In Harpal Singh (Chhota) v State of Punjab, the Supreme Court has held that secondary evidence in the form of electronic records cannot be admitted in evidence unless a certificate under section 65B(4) of the Evidence Act, 1872, is produced.
This section requires the production of a certificate that is issued by a senior person responsible for the computer on which the electronic record was created, or is stored. The certificate must uniquely identify the original electronic record, describe the manner of its creation, describe the device that created it, and certify compliance with the technological conditions of section 65B(2) of the Evidence Act.
The prosecution in the case had produced a printed copy of computer-generated call records stored on hard disks of servers of mobile phone services providers, to correlate calls made between the mobile phones involved. The trial court and the high court had held it admissible even though a certificate as required under section 65B(4) was not presented.
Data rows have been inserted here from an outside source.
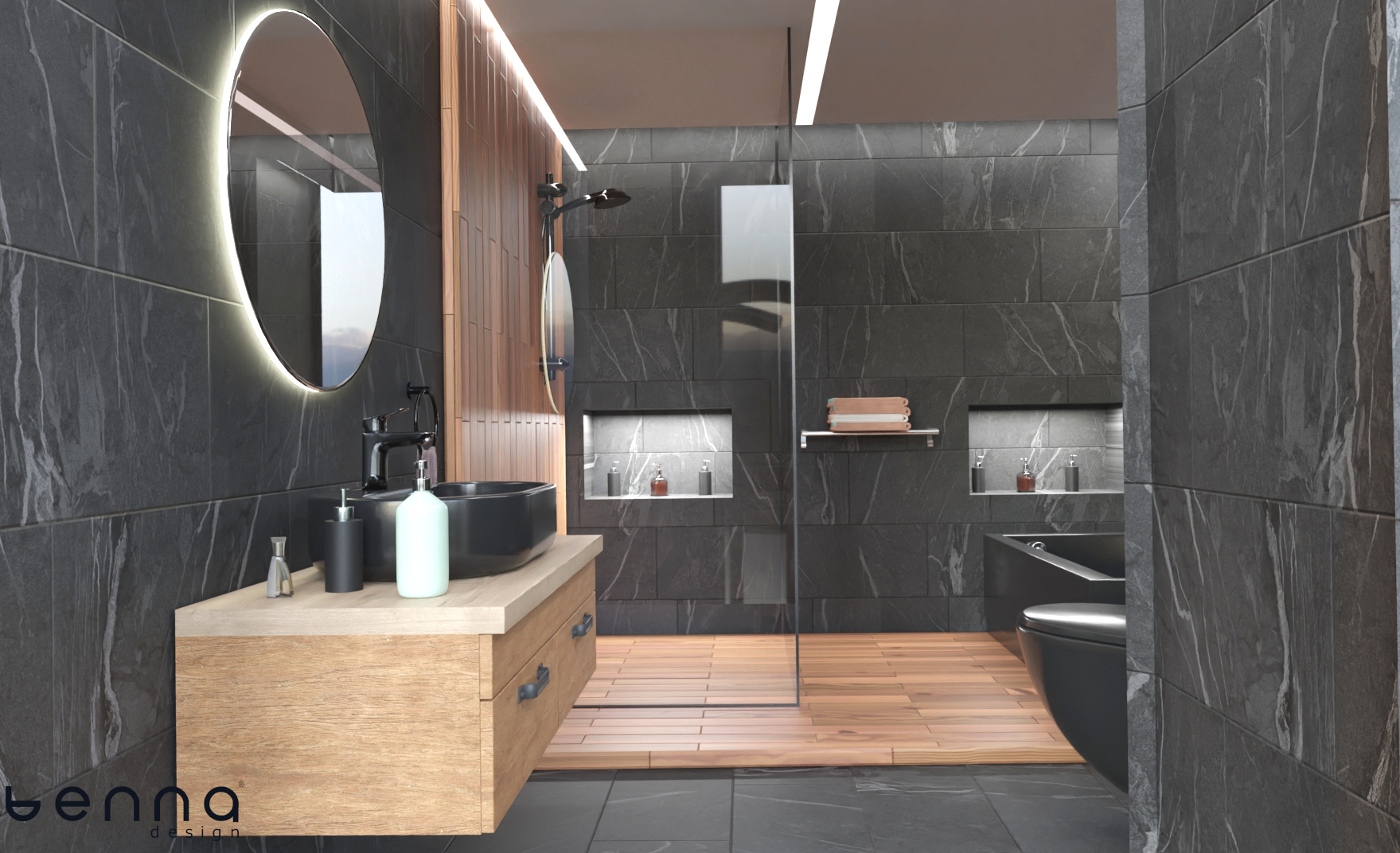 Tüm tasarım, mobilya imalat süreçleri ve tadilat işlemleri Benna Interior bünyesinde yapılmıştır. Sizler de banyo dekorasyon ihtiyaçlarınız için bizimle iletişime geçebilirsiniz.
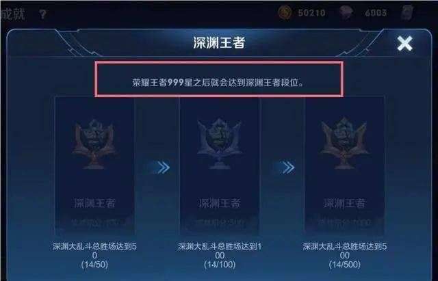 王者荣耀深渊王者段位什么样的 深渊王者段位是真的吗,王者荣耀深渊王者段位是啥,目前的话排位赛中荣耀王者是最高段位,达到荣耀王者之后,再上分就可以加星星了,不过这个深渊王者段位是真的吗。王者荣耀深渊王者段位介绍深渊王者:荣耀王者999星之后就会达到深渊王者段位。这个描述一个...
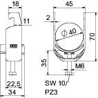Descripción de productoAbrazadera sobre perfil con base U, mediacaña de plástico de polipropileno. Para el montaje vertical y horizontal de 1 cable individual en perfil tipo C. Para ancho de ranura de 18 - 22 mm. Con tornillo de 1 paso en la mediacaña, cabeza de tornillo hexagonal universal SW10, con ranura y ranura en cruz. Adecuado para montaje en zonas interiores y exteriores. Se recomienda el uso de una contra-caña.
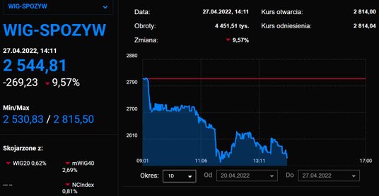 Spółki spożywcze rażą dziś słabością. Notowania WIG-spożywczy spadają o ponad 9 proc., a stopa zwrotu od początku roku wynosi już około -43 proc. Najgorzej radzą sobie ukraińskie spółki: Kernel tanieje o blisko 15 proc., a Astarta o ponad 7 proc.
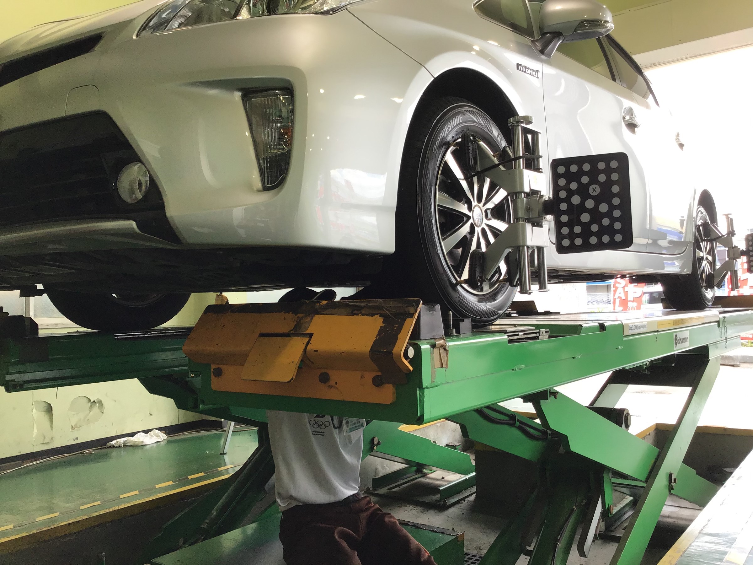 タイヤ交換が終了後アライメント作業へ移っていきます。
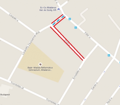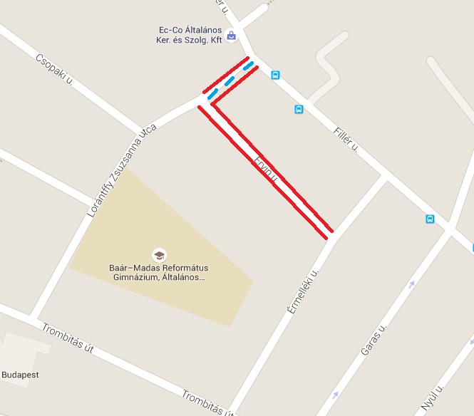 Ervin utca mindkét oldalán a Lorántffy Zsuzsanna utca és az Érmelléki utca között.
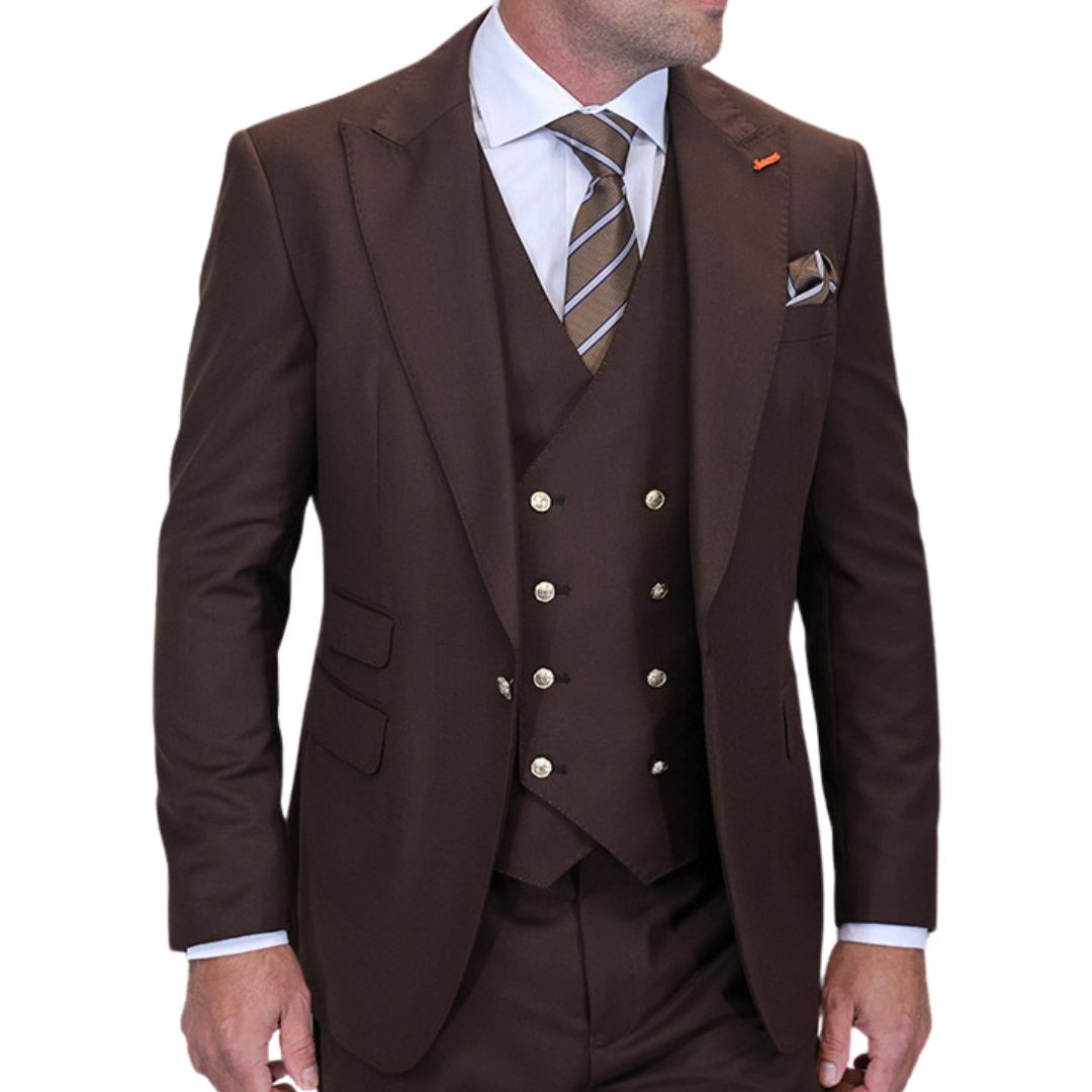 Powerful and poised, the Aether Crest Collection delivers elevated formalwear for the modern gentleman. Tailored from luxurious Italian Super 200’s wool, this 3-piece modern fit suit blends traditional craftsmanship with sharp, contemporary lines. A single-breasted jacket and double-breasted vest both feature striking gold button accents, adding a touch of regal flair. The peak lapel enhances the jacket’s structure, while the flat front pants complete the look with clean, confident styling. Whether you're attending a formal event or making a commanding entrance at a special occasion, this suit ensures you’ll leave a lasting impression. If you prefer a more relaxed fit, consider sizing up for added ease.

Despite upholding the conviction delivered by the trial court and the high court, the Supreme Court observed that the secondary evidence in the form of a printed copy of the call details was inadmissible, even assuming that section 65B(2) of the Evidence Act had been complied with, in the absence of a certificate under section 65B(4).
Section 65B of the Evidence Act details the special procedure for adducing electronic records in evidence. Section 65B(2) lists technological conditions under which a duplicate copy (including a print-out) of an original electronic record may be used. In making this ruling the Supreme Court referred to an earlier ruling it made in Anvar PV v PK Basheer and others (2014).
The judgment is significant as by bypassing the special law on electronic records, Indian courts have continued to apply the provisions pertaining to documents to electronically stored information.